Nope. I'm indifferent to which one to use. I just picked the first one off my head. I know if I listed more than one, then it would start the which is best, blah, blah, blah.   :Wink: 

----------

## Monkeh

I just use bind. Never tried dnsmasq or anything else.

----------

## UberLord

dnsmasq is very very easy to setup and is quite powerful. It's also got an integrated DHCP server.

I use this at work.

At home I use BIND + DHCP as my needs are a little more complex as I need to give three different "views" on marples.name depending on where the query comes from (internet, wired ethernet or wireless ethernet) and as far as I know you cannot do that easily with dnsmasq, if at all.

----------

## thetroyv

well i aslready use the default linux dhcp server.... so i think i got that covered.

which is eaiser to use? which one is more flexible? BIND or masq?

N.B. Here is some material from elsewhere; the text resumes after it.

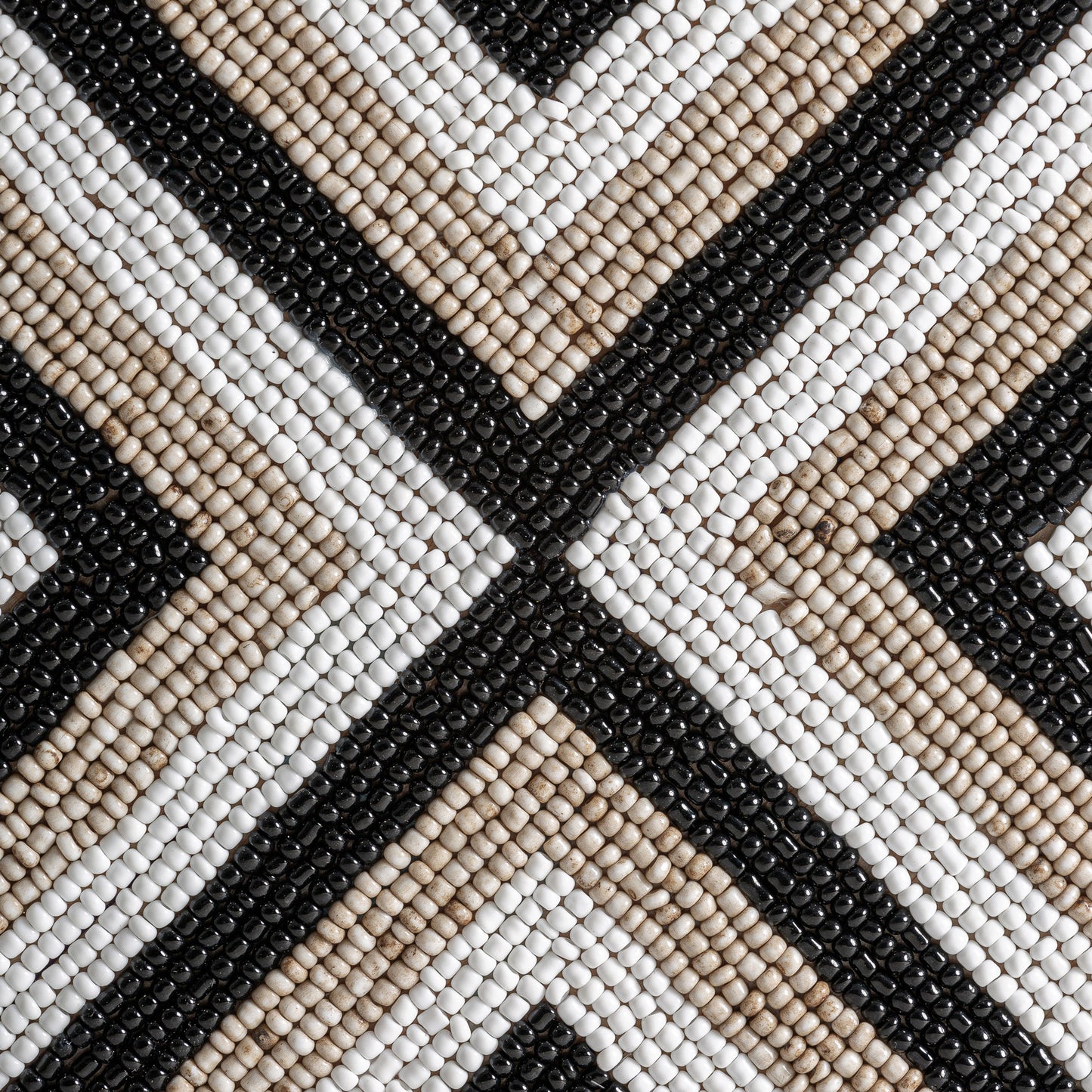 Lejos de ser un simple adorno, esta pieza es un estudio de materialidad. El cuerpo principal, elaborado en fibras de bambú de tonalidades neutras, ofrece una calidez táctil inmediata y una trama viva que respira. Sobre este lienzo natural, el patrón geométrico en zigzag juega con el contraste visual, mientras que los detalles de pequeñas conchas en el borde aportan una nota artesanal y ancestral, casi como un hallazgo de viaje. La estructura se sostiene sobre una base de hierro negro sólido, cuyo acabado mate y líneas depuradas otorgan la estabilidad y la fuerza industrial necesarias para enmarcar la delicadeza de los elementos naturales.

im using this because of my trouble in the post [url]https://forums.gentoo.org/viewtopic-t-437427-highlight-.html [/url]

----------

## UberLord

Well, if you're using DHCP then you may as well use BIND as the two go together as that combination provides Dynamic DNS for machines on your network.

dnsmasq does DHCP as well .... but you only get Dynamic DNS with it when you use its internal DNS afaik

----------

## lesourbe

dnsmasq is truly easy to configure, it's ideal for small sized networks.

If you have a bunch of hosts or being an ISP or a large company, you should try one the the others (bind or djbdns)...

If you have to choose between these two ... 

http://www.google.com/search?q=bind+vs+djbdns

It seems lot of people argue about which one is the best.

----------

## chemlabshade

Try PowerDNS.   I've deployed it in several places, including a large ISP with globally distributed servers.  It can use several backends, including MySQL, and there are several nice web-based frontends for it (although I ended up writing my own).  It really does make Bind and especially DJBDNS/TinyDNS look like a bad joke  :Smile: 

----------

## Headrush

 *chemlabshade wrote:*   

> Try PowerDNS.   I've deployed it in several places, including a large ISP with globally distributed servers.  It can use several backends, including MySQL, and there are several nice web-based frontends for it (although I ended up writing my own).  It really does make Bind and especially DJBDNS/TinyDNS look like a bad joke 

 

And if the DNS was for a small personal LAN, and was going to be setup by a noobie, (the original poster didn't even know the different possible DNS servers, so I'm assuming they're a noobie), wouldn't running PowerDNS and needing to run a backend service like MySQL a tremendous amount of overkill and that solution looks like a joke?   :Razz: 

----------

## lesourbe

as said before, for a noobie and/or for a small network, that'll definitely be  dnsmasq for me.

----------